Model Classification
Common QSAR models can be categorized into rule-based models and statistic-based models. Rule-based models are developed based on expert-derived rules and knowledge, while statistic-based models are built using mathematical algorithms such as regression analysis, partial least squares (PLS), and neural networks.
Currently, widely used QSAR software tools, such as the OECD QSAR Toolbox, T.E.S.T., and VEGA, often incorporate both types of models, allowing users to select the most appropriate model depending on their specific needs.
Model Applicability
- The applicability domain (AD) and limitations of the model must be clearly described to enable proper evaluation of whether a specific prediction falls within the model's reliable scope.
- Goodness-of-fit, robustness, and predictive performance should be considered--the model must undergo statistical validation to ensure its reliability and scientific credibility.
- Mechanistic interpretation should be provided whenever possible, to support the biological plausibility of the prediction and enhance regulatory acceptance.
Free QSAR Models for Toxicological Endpoint Prediction
The following is a summary of commonly used free QSAR models that can be applied to the prediction of various toxicological endpoints.

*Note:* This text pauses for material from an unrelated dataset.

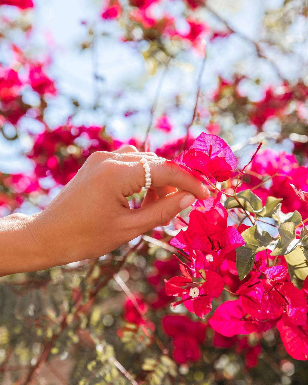 Add detail to your look in the Gold And Pearl Ring that's complete with an elastic band.
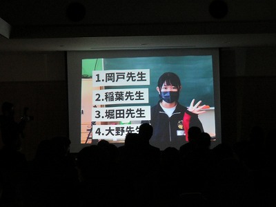 後期生徒会執行部の子たちが、「先生クイズ」を考えてくれました。会場では、各問題の答えを予想して、みんなで盛り上がりました。

Toxicological Endpoint | Free QSAR Models / Tools |
Acute Toxicity (LD 50) | QSAR Toolbox (Danish QSAR DB ACDLabs model); VEGA (Acute Toxicity model); T.E.S.T(Oral rat LD50); |
Skin /Eye Irritation | QSAR Toolbox (Danish QSAR DB models; BrR eye irritation/corrosion; BrR skin irritation/corrosion); Vega(Skin Irritation model/Eye Irritation model); Toxtree(Skin irritation/skin corrosion; Eye irritation and corrosion); Danish (Q)SAR models (Skin irritation) |
Skin Sensitization | QSAR Toolbox (Danish QSAR DB models; Skin sensitization for DASS); VEGA(Skin Sensitization model); Toxtree(Skin sensitization reactivity domains); Danish (Q)SAR models (Skin sensitization, LLNA-based class) |
Genotoxicity /Mutagenicity | QSAR Toolbox (Danish QSAR DB models); VEGA(Mutagenicity (AMES test) model; Chromosomal aberration model; In vitro/In vivo Micronucleus activity); T.E.S.T(Mutagenicity); Toxtree (In vitro mutagenicity (AMES test)alerts by ISS; Structure Alerts for the in vivo micronucleus assay in rodents); Danish (Q)SAR models (Ames test; other in vitro endpoints includes Chromosome Aberrations, Mutations in HGPRT and UDS; In vivo endpoints includes Micronucleus Test and Comet Assay) |
Carcinogenicity | QSAR Toolbox(Danish QSAR DB models);VEGA(Carcinogenicity model; Carcinogenicity oral/inhalation classification model; Carcinogenicity oral/inhalation Slope Factor model); Toxtree(Carcinogenicity (genotox and nongenotox) and mutagenicity rulebase by ISS);Danish (Q)SAR models (Carcinogenicity) |
Reproductive /Developmental Toxicity | QSAR Toolbox (Developmental and Reproduction Toxicity(DART); Danish QSAR DB models; QSAR rtER Expert System-USPEA); VEGA(Developmental Toxicity model; Developmental/Reproductive Toxicity library)T.E.S.T(Developmental Toxicity); |
Repeated-Dose Toxicity | QSAR Toolbox (Danish QSAR DB models); VEGA(NOAEL; LOAEL) |
Endocrine Disruption | QSAR Toolbox (Read Across); VEGA (Estrogen receptor effect; Androgen receptor effect; Thyroid receptor effect; Steroidogenesis activity); Danish (Q)SAR models (Estrogen receptor; Androgen receptor; Thyroid-related endpoints) |
Toxicokinetics /ADME | QSAR Toolbox (Read Across) Danish (Q)SAR models (Cytochrome P450 Metabolism) |
Comparison of Free QSAR Tools from a Functional Perspective
From a functional standpoint, QSAR Toolbox offers the most comprehensive coverage, with predictive capabilities spanning all major toxicological endpoints. Even when a substance falls outside the applicability domain of a QSAR model, data gaps can still be addressed through read-across and other analog-based approaches.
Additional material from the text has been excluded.